There are other reasons to stay, of course. You clearly believe in Quin Snyder and his approach and commitment to a values-based culture.  You know this is already an elite team; you captained this group to the fifth-best net rating in the league despite a hobbled Derrick Favors and 33 games without your starting point guard. You know that the team’s 51-31 record probably undersells how good the club is now given all the wins Utah lost due to the injury bug, and it’s clear that this group still has potentially unrealized improvements from some young players.

You understand that there are some things about Salt Lake City that make it advantageous, such as a relaxed lifestyle and low cost of living that allows you to keep more of that money you’re about to make. Speaking of money, you know the Jazz will give you whatever kind of contract you desire, whether that’s a full five-year max with a guaranteed $172 million, or something that gives you flexibility sooner.

And then there’s Rudy.

Wherever you play in 2018-19 and beyond, you’ll be next to other stars. But there’s nobody quite like Rudy Gobert. The elite roll man makes your job easier, and his length, mobility and smarts already define the way Utah is able to pressure shooters and dictate on the defensive end. He’s also tenaciously competitive, and has a mindset and commitment that, like your own, will push the team to compete harder.

And he believes just as much in you.

“I know he likes to win,” your one-of-a-kind teammate said of you when speaking to Hoopshype’s Alex Kennedy. “I know he likes it here in Utah, and his wife and kids like it here too… I’m going to remind him that I really want to win a championship and I think we can do it. If he stays, I think we’ll have chances [to win titles].”

You and Rudy can absolutely form the foundation of a special era of Jazz basketball, and the Jazz will be able to build around that with your consultation on players and skill sets that will move the franchise forward. You’ll be a trusted partner to Snyder and Dennis Lindsey as they look for ways to disrupt the power structure — and we’re talking about a team that was already fifth best by Net Rating in 2016-17.

The present is bright, but the future is brighter with you, Gobert and Snyder crafting the next iteration of Utah Jazz hoops.

So let’s add one more “thank you” to the list above: thanks for being the thoughtful, erudite type of player who’s smart enough to grasp all of that and recognize the special opportunity you have. Other teams can offer you pieces of what the Jazz will put in front of you later tonight. But nobody can offer all of it. The statues. The legacy. The chance to be the undisputed main guy on a top-five (already!) outfit. The unique benefits of playing next to a singular star teammate. The money. The love.

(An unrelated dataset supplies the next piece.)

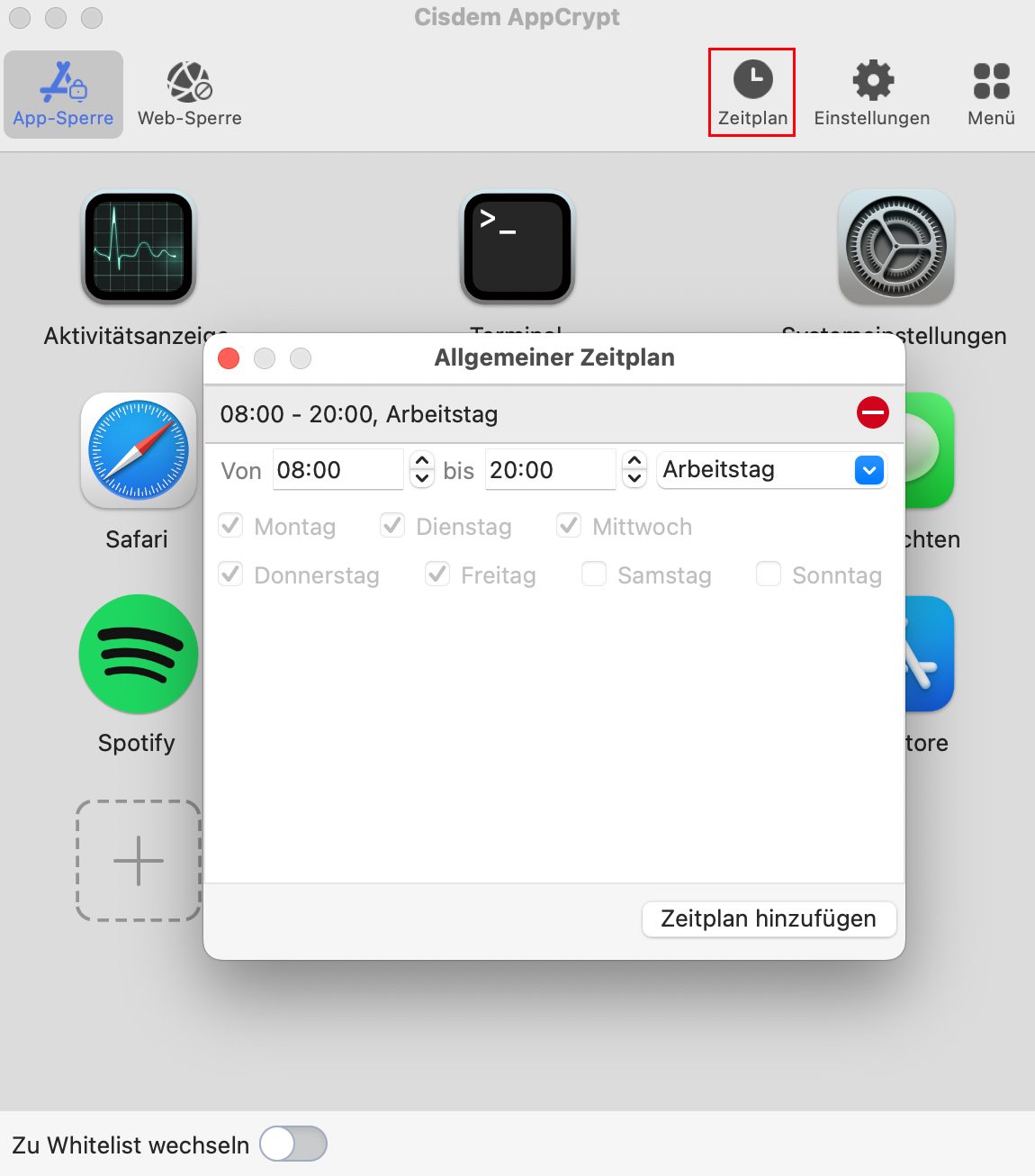 Sie können auch einen Zeitplan für alle hinzugefügte Apps einrichten, indem Sie auf Zeitplan (oben rechts) klicken.

You still may opt for a change. If you do, it won’t diminish what you’ve done for your teammates, the program and the community over the past seven years. It won’t erase all the memorable moments, but it will rob us all — yourself included — of the opportunity to see where this could have gone.

Finish what you started. Not for me, not for fans, not for Quin. Finish what you started because that’s what you want, and because greatness awaits when you do.